> **TASK**
Everything in the records except the pictures needs to be printed again exactly.

> **SOURCE DATA**

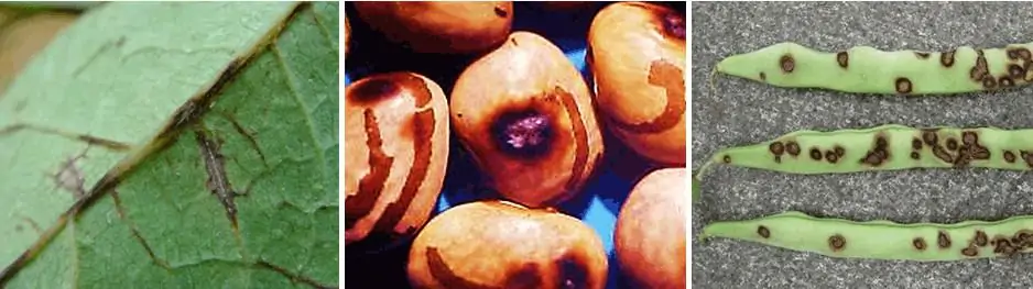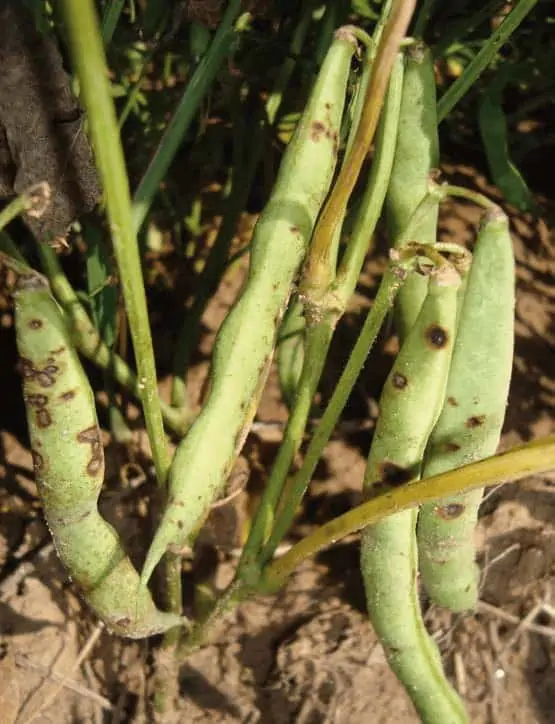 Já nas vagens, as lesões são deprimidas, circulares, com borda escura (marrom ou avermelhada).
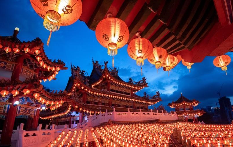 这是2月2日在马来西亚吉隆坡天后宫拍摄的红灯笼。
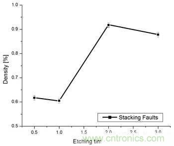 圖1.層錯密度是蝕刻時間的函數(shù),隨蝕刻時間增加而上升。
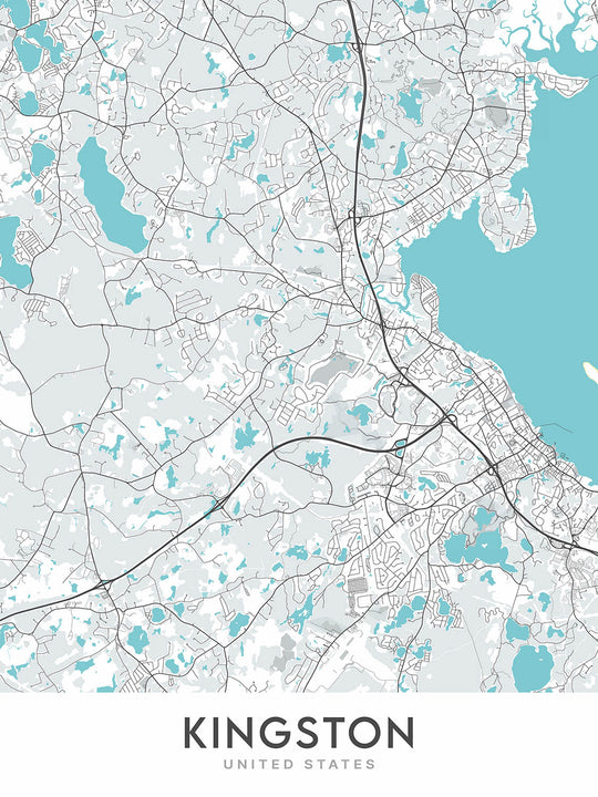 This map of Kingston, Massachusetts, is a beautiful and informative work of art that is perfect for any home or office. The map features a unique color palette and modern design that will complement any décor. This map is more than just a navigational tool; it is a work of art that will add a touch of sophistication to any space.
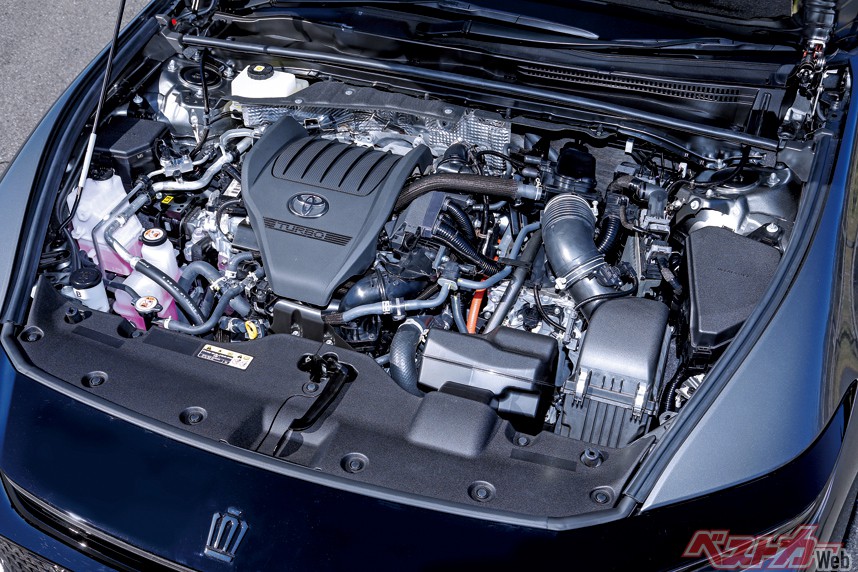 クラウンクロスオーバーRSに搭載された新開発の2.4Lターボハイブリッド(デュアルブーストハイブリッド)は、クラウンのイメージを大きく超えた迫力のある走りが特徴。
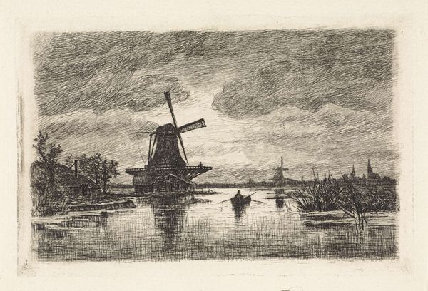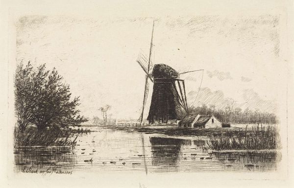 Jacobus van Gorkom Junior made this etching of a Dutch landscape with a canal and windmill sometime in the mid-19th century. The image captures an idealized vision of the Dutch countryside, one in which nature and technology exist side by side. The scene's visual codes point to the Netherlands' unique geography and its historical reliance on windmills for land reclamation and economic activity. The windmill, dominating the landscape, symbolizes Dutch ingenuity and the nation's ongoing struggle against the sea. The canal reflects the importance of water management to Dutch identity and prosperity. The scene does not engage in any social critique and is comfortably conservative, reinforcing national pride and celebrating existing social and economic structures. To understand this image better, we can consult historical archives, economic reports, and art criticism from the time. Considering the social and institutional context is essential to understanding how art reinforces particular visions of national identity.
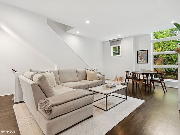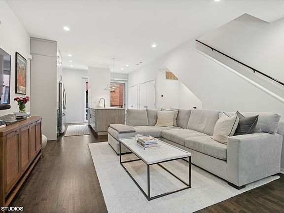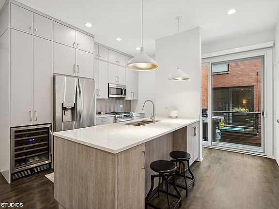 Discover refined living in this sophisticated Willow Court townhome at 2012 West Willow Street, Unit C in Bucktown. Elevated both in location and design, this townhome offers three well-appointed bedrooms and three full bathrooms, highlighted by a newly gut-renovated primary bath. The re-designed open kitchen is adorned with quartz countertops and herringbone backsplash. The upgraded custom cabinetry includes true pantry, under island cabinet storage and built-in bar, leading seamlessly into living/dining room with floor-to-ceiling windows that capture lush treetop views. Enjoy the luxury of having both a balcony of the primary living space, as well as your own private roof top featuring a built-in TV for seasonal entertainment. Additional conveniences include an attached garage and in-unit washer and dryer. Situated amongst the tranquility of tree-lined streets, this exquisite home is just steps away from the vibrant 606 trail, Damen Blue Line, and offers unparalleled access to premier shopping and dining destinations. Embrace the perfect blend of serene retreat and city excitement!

> **SOLUTION TO THIS TASK**
 Já nas vagens, as lesões são deprimidas, circulares, com borda escura (marrom ou avermelhada).
 这是2月2日在马来西亚吉隆坡天后宫拍摄的红灯笼。
 圖1.層錯密度是蝕刻時間的函數(shù),隨蝕刻時間增加而上升。
 This map of Kingston, Massachusetts, is a beautiful and informative work of art that is perfect for any home or office. The map features a unique color palette and modern design that will complement any décor. This map is more than just a navigational tool; it is a work of art that will add a touch of sophistication to any space.
 クラウンクロスオーバーRSに搭載された新開発の2.4Lターボハイブリッド(デュアルブーストハイブリッド)は、クラウンのイメージを大きく超えた迫力のある走りが特徴。
 Jacobus van Gorkom Junior made this etching of a Dutch landscape with a canal and windmill sometime in the mid-19th century. The image captures an idealized vision of the Dutch countryside, one in which nature and technology exist side by side. The scene's visual codes point to the Netherlands' unique geography and its historical reliance on windmills for land reclamation and economic activity. The windmill, dominating the landscape, symbolizes Dutch ingenuity and the nation's ongoing struggle against the sea. The canal reflects the importance of water management to Dutch identity and prosperity. The scene does not engage in any social critique and is comfortably conservative, reinforcing national pride and celebrating existing social and economic structures. To understand this image better, we can consult historical archives, economic reports, and art criticism from the time. Considering the social and institutional context is essential to understanding how art reinforces particular visions of national identity.
 Discover refined living in this sophisticated Willow Court townhome at 2012 West Willow Street, Unit C in Bucktown. Elevated both in location and design, this townhome offers three well-appointed bedrooms and three full bathrooms, highlighted by a newly gut-renovated primary bath. The re-designed open kitchen is adorned with quartz countertops and herringbone backsplash. The upgraded custom cabinetry includes true pantry, under island cabinet storage and built-in bar, leading seamlessly into living/dining room with floor-to-ceiling windows that capture lush treetop views. Enjoy the luxury of having both a balcony of the primary living space, as well as your own private roof top featuring a built-in TV for seasonal entertainment. Additional conveniences include an attached garage and in-unit washer and dryer. Situated amongst the tranquility of tree-lined streets, this exquisite home is just steps away from the vibrant 606 trail, Damen Blue Line, and offers unparalleled access to premier shopping and dining destinations. Embrace the perfect blend of serene retreat and city excitement!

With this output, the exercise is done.